There were two new hotels in the portfolio for the full quarter compared with the prior year. The Holiday Inn Express Kamloops was acquired September 12, 2007 and the Holiday Inn Express Myrtle Beach was acquired November 2, 2007. Two restaurants which were in the prior year results are no longer in operation. One operation was closed and the other was converted to a tenancy. Both situations are net positive to Holloway's operating results.
Corporate Operations
Net trust expenses were $1.8 million for the three months ended September 30, 2008 and $1.4 million for the three months ended September 30, 2007. During the three months ended September 30, 2008, the REIT generated interest income of $0.7 million from loans receivable and the investment of cash balances, compared to $0.9 million during the third quarter of 2007. In 2007, the REIT had not deployed some of the cash from the equity and debentures issuances in June and July, 2007 thus resulting in higher interest income on invested cash balances.
General and administrative expenses have decreased approximately $70,000 for the three months ended September 30, 2008 compared to the three months ended September 30, 2007. The expenses for the third quarter of 2007 include a one-time fee of $150,000 for graduating to the TSX and higher legal expenses pertaining thereto. Salaries and wages are higher in this quarter compared to 2007 as our President and Chief Operating Officer Michael Jackson was hired on September 15, 2007.
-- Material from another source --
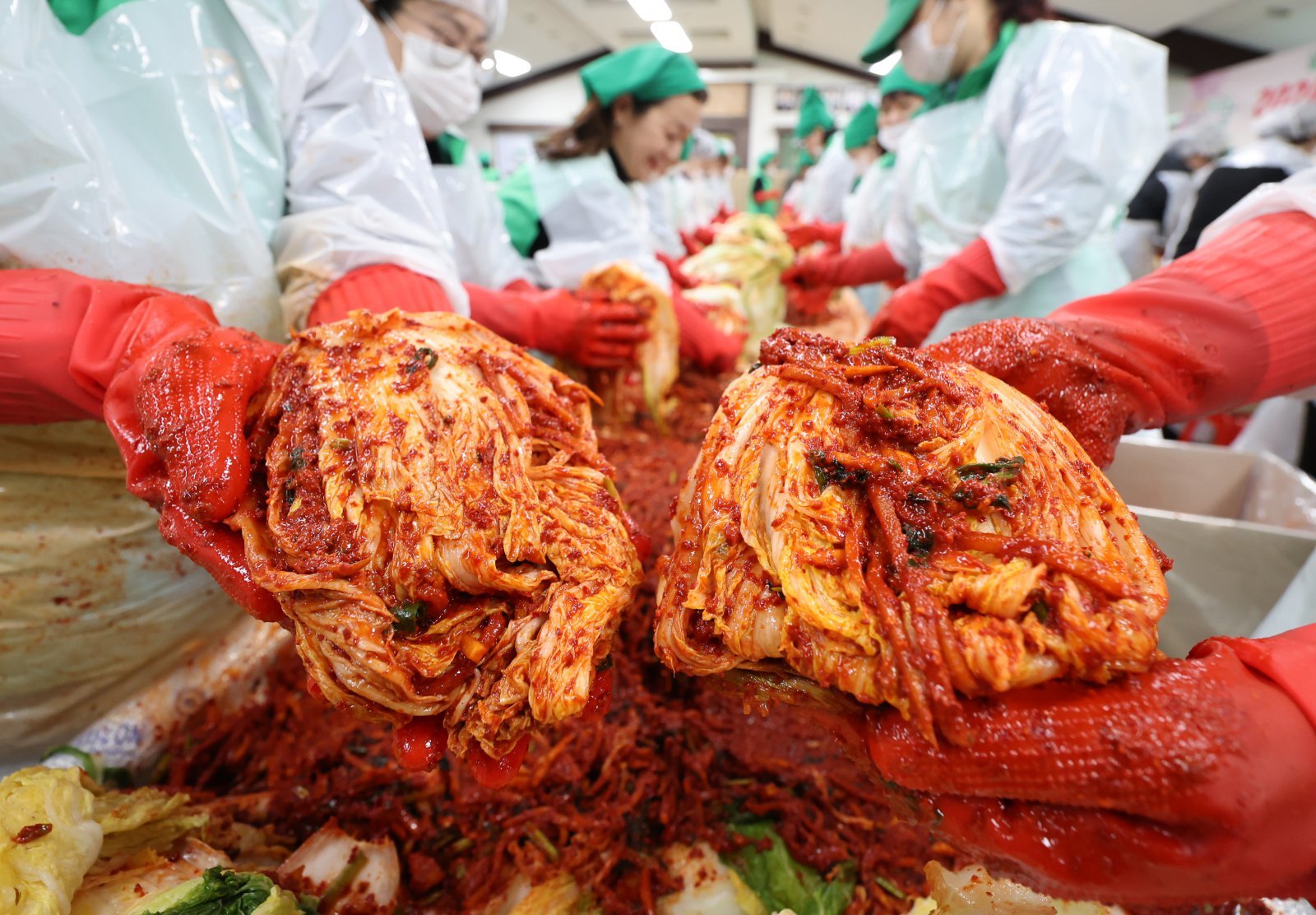 20일 오전 인천 미추홀구 새마을회관에서 열린 2024 사랑의 김장 나누기 행사에서 회원들이 김장을 하고 있다. 이 날 담근 김장 김치 2000포기 500박스는 관내 홀몸 어르신, 한부모가정 등 저소득층에게 전달된다. 2024.11.20. 인천=뉴시스

The REIT incurred $32,000 in due diligence expenses related to abandoned property acquisitions during the three months ended September 30, 2008, whereas in 2007 the recovery of $126,000 expenses related to the Holiday Inn Express in Myrtle Beach that had been written off in a previous quarter.
The total debenture interest expense and the non-cash accretion of the discount on the debentures and deferred financing fees is consistent for the third quarters in 2007 and 2008 as the debentures outstanding of $72.1 million has not changed.
Distributable Income
The REIT generated $5.0 million in distributable income ($0.13 basic and diluted per unit) for the three months ended September 30, 2008 compared to $5.2 million ($0.13 basic and diluted per unit) for the same period in 2007. Distributions of $0.045 per unit per month were declared and totalled $5.3 million for the three months ended September 30, 2008. Distributable income will fluctuate due to the seasonality in the hospitality industry and the timing of acquisitions.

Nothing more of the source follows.